Allegedly Misleading Cybersecurity Incident Disclosures
Both Avaya and Mimecast publicly disclosed the cybersecurity incidents that they experienced. The SEC does not claim that these disclosures contained a materially false representation. Rather, similar to the unsuccessful arguments it made in the SolarWinds case, the SEC alleges that the disclosures contained material omissions.
Avaya
Avaya is a global provider of digital communication products and service and was a public company from January 2018 to February 2023. According to the SEC,2 Avaya identified two servers segmented from the corporate network that had the compromised Orion software installed. Through this compromised software, threat actors obtained unauthorized access to Avaya's systems from January through December 2020. The threat actors, who were likely nation-state hackers, accessed 145 shared files, some of which contained confidential and/or proprietary information, including instructions regarding remote access and product configurations for at least one customer, and monitored the email traffic of one of the company's cybersecurity personnel.
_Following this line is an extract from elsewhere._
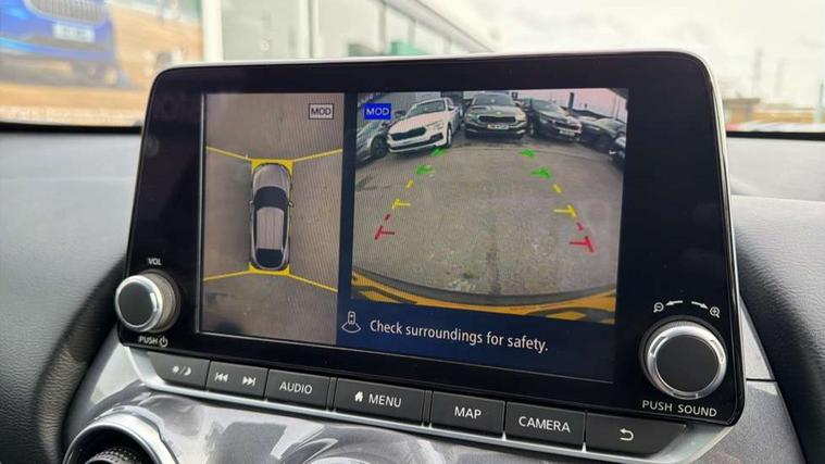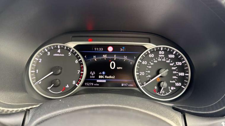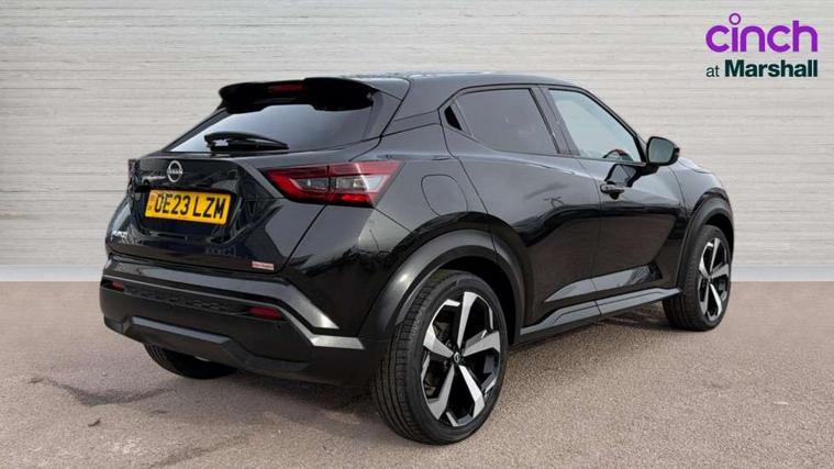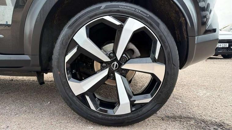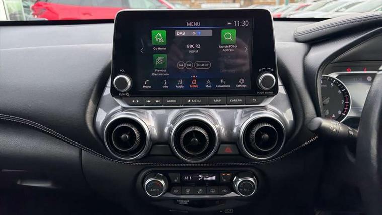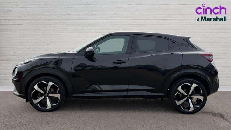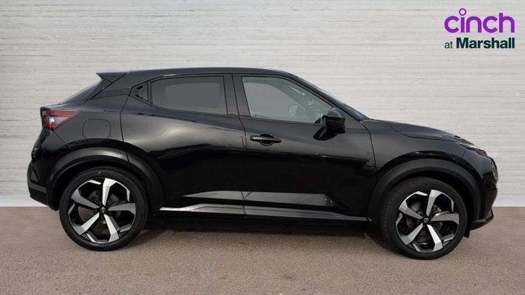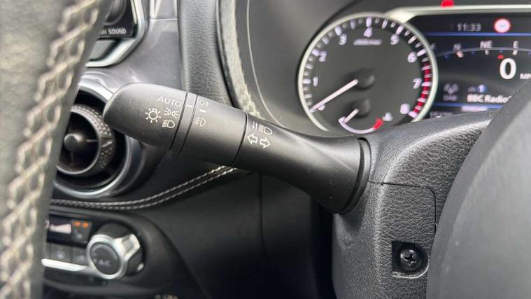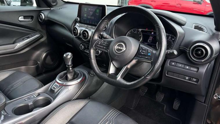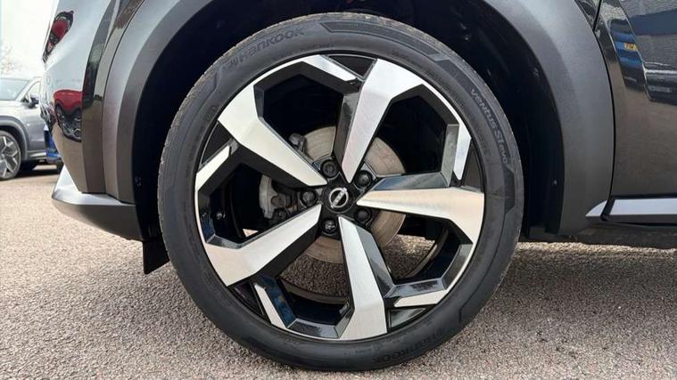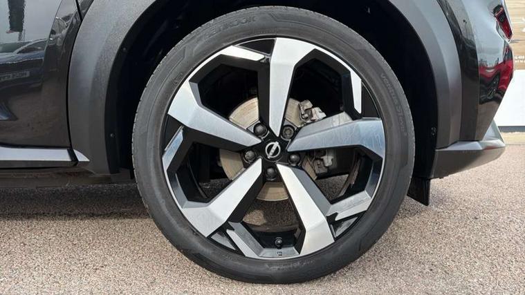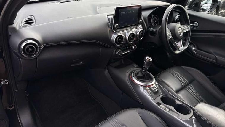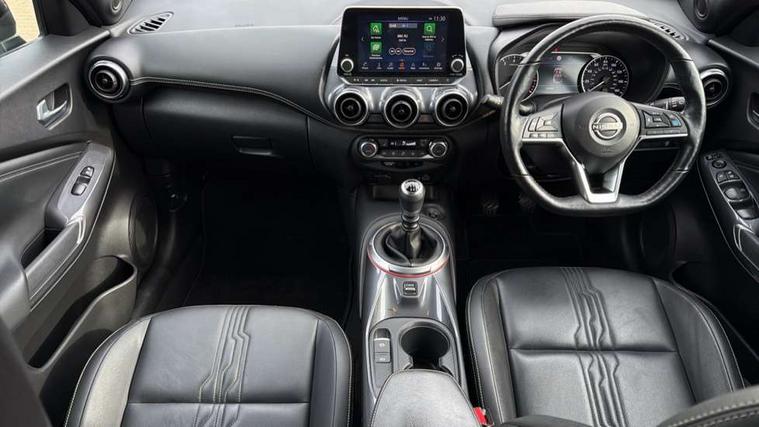7" full colour TFT screen combimeter, Apple CarPlay and Google Android auto, Drive modes select (Eco, normal and sport), Emergency and breakdown call, Front parking sensor, Idle start/stop system, Intelligent lane intervention, Lane departure warning system, Nissan connect 8" touch screen entertainment system, Nissan connect nav with TomTom traffic, Nissan connect services and Wifi connection, Outside temperature sensor, Power Steering, Rear parking sensor, Traffic sign recognition, Trip computer, Voice recognition, Gasoline particulate filter, 10 Bose speakers 6 speakers and 2 headrest speakers for driver/passenger seats, Bluetooth system, USB, Aux-in and 12V socket, Bose personal sound stage control, DAB Digital radio, Rear console USB port, Auto dimming interior rear view mirror, Auto headlights, Automatic hazard signal with emergency stop signal, Body colour bumpers, Body colour door handles, Electrically adjustable door mirrors with integrated indicators, Follow me home headlights, Front and rear electric window with one touch driver window, Heated and auto folding door mirrors, High beam assist, LED daytime running lights, LED front fog lights, LED headlamps, LED rear fog lamp, LED rear lamps, Rain sensor windscreen wipers, Rear privacy glass, Rear side wing doors, Rear wiper, Thermaclear heated windscreen, Three blink turn signal, 3 height adjustable rear headrests, 3 seat bench in 2nd row, 60/40 split folding rear seat, Automatic climate control, Card holder on driver sunvisor, Door ambient lighting, Driver and passenger sliding and reclining seats, Driver seat back pocket, Driver side rear coat hanger, Driver/passenger sunvisors and vanity mirrors, Front and rear cabin lights, Front armrest, Front door pockets with bottle holders, Front head restraints, Front passenger isofix child seat anchorage point, Front/rear passenger grab handles, Gear console ambient circle lighting, Grey synthetic leather kneepad, Heated front seats, Height adjustable driver's seat, Height adjustable passenger seat, Internal chrome door handles, Leather gearshift knob, Leather steering wheel, Luggage board, Luggage space lighting, Monoform sporty seats, Multifunction steering wheel, Passenger seat back pocket, Rear door bottle holders, Single front passenger seat, Synthetic leather upholstery, Telescopic steering wheel adjustment, Two cupholders in front centre console, Two rear isofix child seat anchorage points with top tether, Welcome light and console tray ambient lighting, Advanced safety shield pack - Juke, ABS with EBD and brake assist, Active ride control, Active Trace Control, Driver and passenger airbags, Driver and passenger side airbags, Electric handbrake with auto hold function, Electronic Stability Programme (ESP), Front and rear curtain airbags, Height adjustable seatbelts, Hill start assist, Intelligent emergency braking with pedestrian and cyclist recognition, Rear door child safety locks, Seatbelt reminder for driver/front passenger and rear seats, Single tone horn, Three 3 point rear seatbelts, Traction control, Tyre pressure monitoring system, VDC Dynamic Vehicle Control, Ventilated rear brake discs, Alarm, Immobiliser, Intelligent key and start push button with walk away lock and approach unlock functions, Remote central locking,

In February 2021, Avaya disclosed this incident in its quarterly report on a Form 10-Q. The report stated that the incident resulted in "access to a limited number of Company email messages" and "no current evidence of unauthorized access to our other internal systems."
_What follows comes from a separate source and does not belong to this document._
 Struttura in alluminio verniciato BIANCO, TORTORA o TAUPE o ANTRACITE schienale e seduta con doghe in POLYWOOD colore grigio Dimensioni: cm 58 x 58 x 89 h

The SEC claimed that this disclosure was deficient because it omitted information that the SEC deemed to be material in violation of Sections 17(a)(2) and 17(a)(3) of the Securities Act and Section 13(a) of the Exchange Act and Rules 12b-20 and 13a-13 thereunder.3 Specifically, the SEC alleged that the report failed to disclose "the likely attribution of the activity to a nation-state threat actor, the long-term unmonitored presence of the threat actor in Avaya's systems, the access to at least 145 shared files some of which contained confidential and/or proprietary information, and the fact that the mailbox the threat actor accessed belonged to one of Avaya's cybersecurity personnel." Avaya settled with the SEC, consented to cease and desist from committing or causing any violations of the above listed securities laws and agreed to pay a $1 million civil penalty.
Mimecast
Mimecast is a provider of cloud security and risk management services and was a public company until May 2022. The SEC alleged4 that the same threat actors responsible for the SolarWinds incident used the compromised Orion software to access Mimecast computers. The SEC further alleged that these threat actors accessed internal emails, accessed most of the data export code used in Mimecast software, exfiltrated authentication certificates and accessed five customers' cloud platforms using stolen certificates. In addition, the threat actor accessed an encrypted database containing approximately 31,000 customers and the server and configuration information for approximately 17,000 customers, although Mimecast's investigation found no evidence that the threat actor had accessed the relevant decryption keys or had accessed customer email or archive data.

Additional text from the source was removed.